Daguerreotype, Interesting Experiments

Daguerreotype, Interesting Experiments
Noticing an article touching some interesting experiments detailed before the French Academy of Science, at a recent sitting, illustrative of the facility with which opaque surfaces will leave their own likenesses upon polished surfaces with which they may be placed in contact or even juxtaposition, without the agency of light, the Albany Argus says:

"We regard these experiments and developments as among the most interesting and wonderful to which the important discoveries of the indefatigable Daguerre have given the impulse, and as destined to give to this era a marked prominence in the history of scientific research and attainment.

"As connected with this subject, it may be mentioned here that we have among us artists, who, without any undue pretensions to science, are pursuing kindred experiments not unworthy perhaps of being recorded, if not among the archives of the academies at least in the newspapers of the day. The result of one of these experiments we had a sight of the other day, and, at the risk of being set down as novices in these matters, we make bold to speak of it as a discovery scarcely less important or wonderful than those which have been deemed worthy of notice by the French academicians. If ever achieved before, the young man who did it never heard of its having been attempted.

We allude to the production of an exact copy (reversed of course) of a Daguerreotype miniature upon a copperplate. The copy had all the warmth of tint of a fine drawing in what the artists call "burnt sienna," we believe, more agreeable to the eye than the original, and, we had almost said, even more vivid and distinct in the minute touches and gradations of shadow; and, what appeared still more remarkable to us, the original silver plate was undimmed in lustre, and the miniature upon it as fresh and distinct as ever.
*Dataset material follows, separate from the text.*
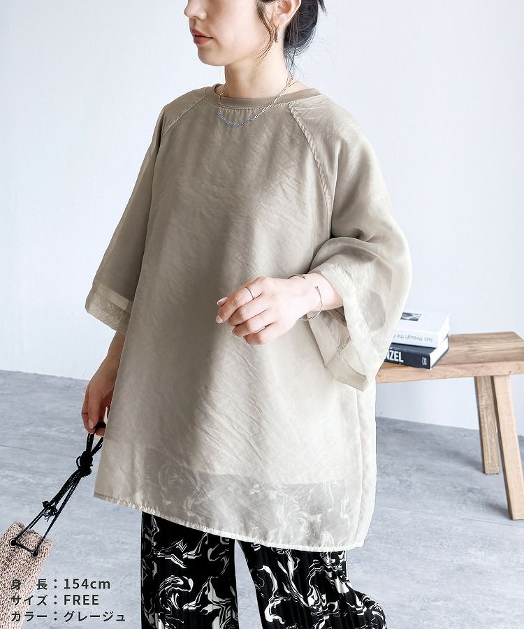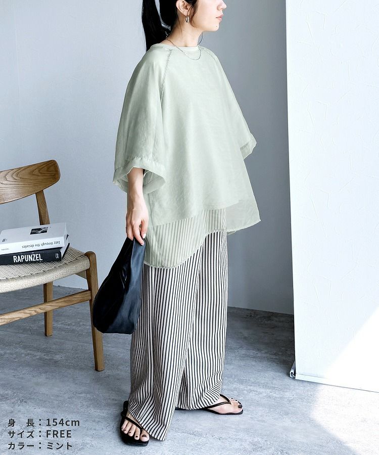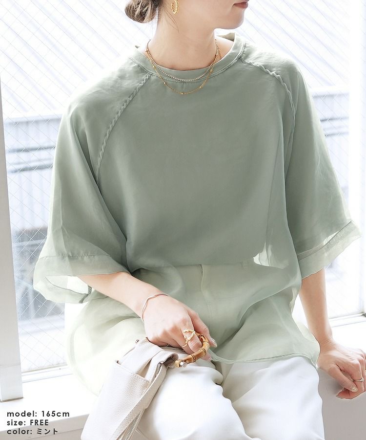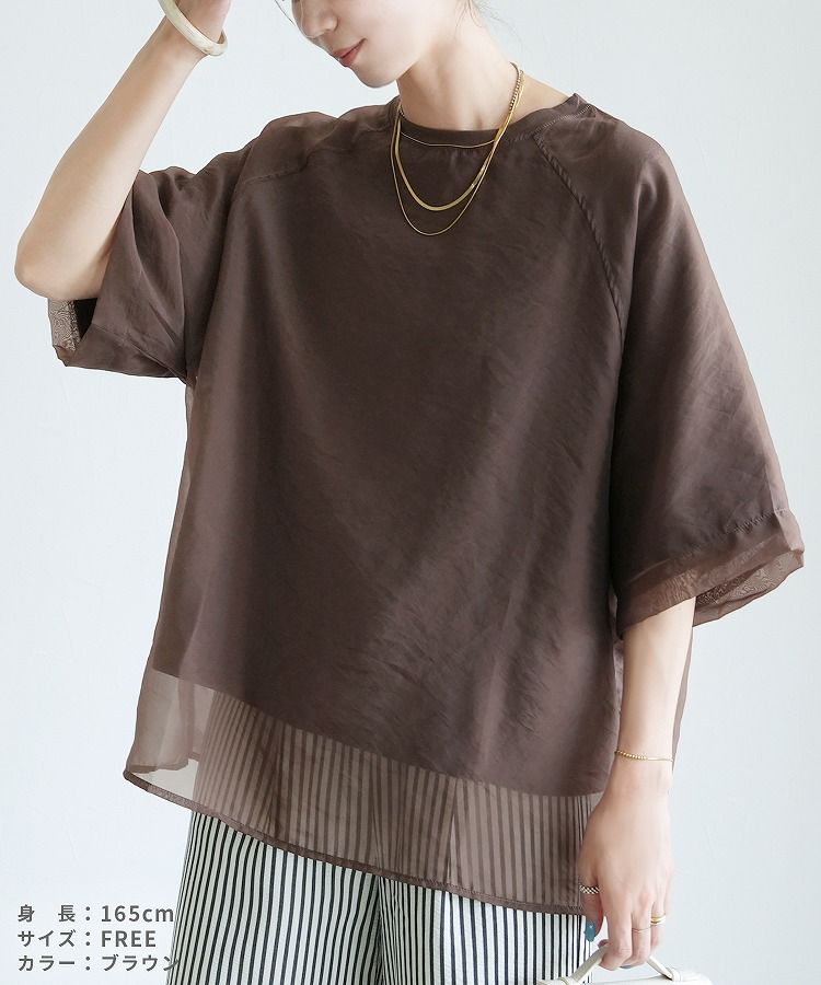 オーガンジー重ねラグラン半袖Tシャツ(day252630) ネコポス発送10

No doubt copies of the same miniature might have been multiplied to an indefinite extent (or struck off, as the printers have it,) without injuring it in the least. "This impression in copper was produced in the way in which silver and other metals are plated or turned into gold by the galvanic process. The Daguerreotype plate was immersed in a solution of copper, the poles of the galvanic battery applied as usual, and the plate suffered to remain until the copper had formed, itself into another plate of sufficient thickness upon the silver. It was then removed, and the copper, cleaving readily from the silver, exhibit-d the reversed representation of the miniature which we have described in the position in which the subject sat. "The name of the successful experimenter (which we take the liberty to mention without his know-ledge) is James I. Jackson."